The Mississippi State Department of Health and Human Services assumed management of the water treatment plant, while the National Guard and the Mississippi Emergency Management Agency were deployed to distribute potable and service water.
Days later, water pressure was restored to most residents and businesses in the city, and on September 15, the government’s boil warning that had been in place since July 29 was finally lifted.
Steven O’Neill, managing partner of Manship Wood Fired Kitchen, has seen a “slight rebound” in the business, thanks in part to the success of Jackson State University football. However, he said the numbers are yet to return to pre-crisis levels.
O’Neill hopes the ad campaign will help boost numbers. He also looks forward to the holiday season, which usually brings more business.
“I tell people it’s just as safe to eat in Jackson as anywhere else,” he said. “You know, the water quality is tested by [MSDH] and is being tested by the EPA,” he said. “So, you know, they’re not afraid to put the US under a city-wide boil notification.”
Now the owners are looking to the future, waiting to see what happens when the governor’s state of emergency expires.
Reeves’ declaration of emergency is expected to end on November 22. At that point, Jackson will resume operation of his water system.
The city is currently looking for a private company to manage its two water treatment plants, the well water system and the high storage facility.
Proposals are due November 7th.

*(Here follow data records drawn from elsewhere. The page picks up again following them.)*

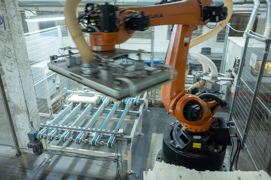 Techvitas Robotika automatizuoto paletizavimo sprendimo dėka įvairaus dydžio medinių lentų paletavimas tampa greitas, našus ir nenutrūkstamas.  Sistema suprogramuota taip, kad būtų galima apdoroti įvairaus dydžio medines lentas. Šis automatizuotas sprendimas lengvai pritaikomas naujiems produktams.
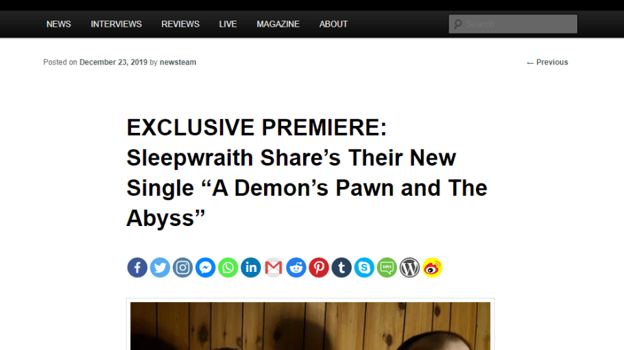 Sleepwraith‘s first single ‘The Aphelion Complex’ is also streaming on YouTube and website Sleepwraith.com
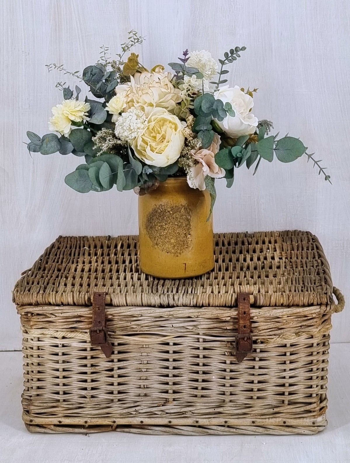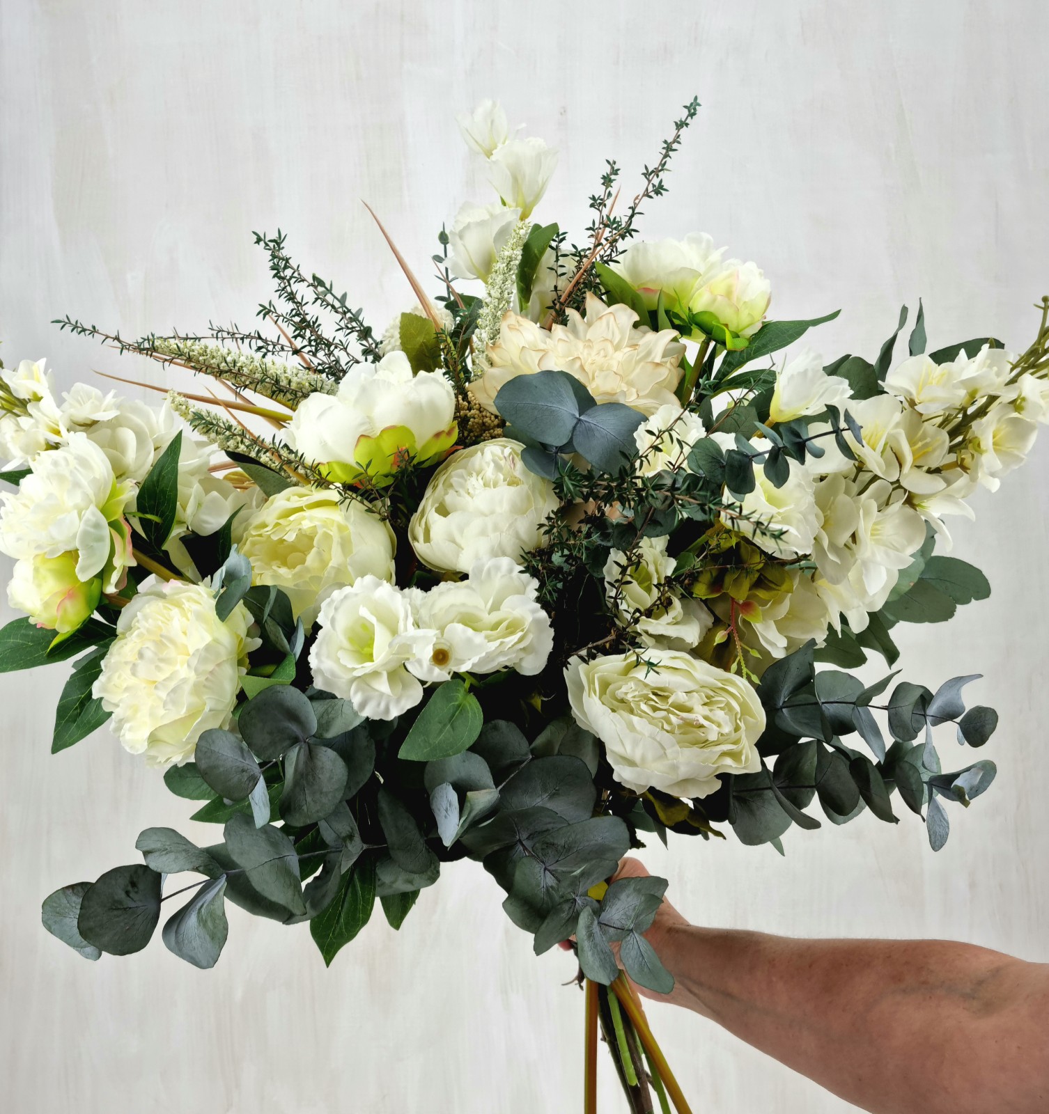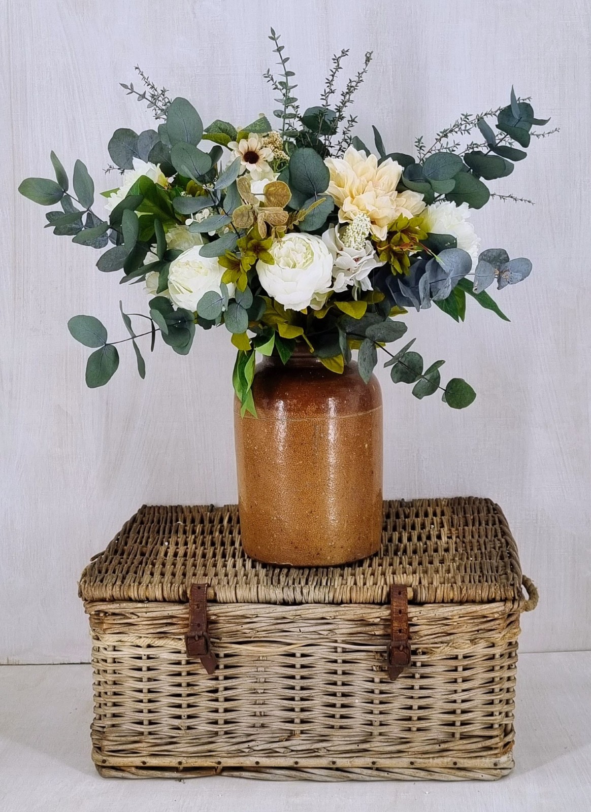 An everlasting bouquet created with preserved foliage and silk florals in ivory, cream, and soft green tones. Designed to bring lasting natural beauty to your home or to make a thoughtful gift.

However, it’s unclear if Jackson will meet the deadline until the state pulls out to have a contractor.
“I just have to let the leaders lead,” said Andy Nesenson, general manager of the downtown Iron Horse Grill. Like other restaurants, the Iron Horse Grill experienced a downturn but was able to return to business thanks to JSU football. “I can’t focus my concern on the what-ifs. I just have to live in the moment.”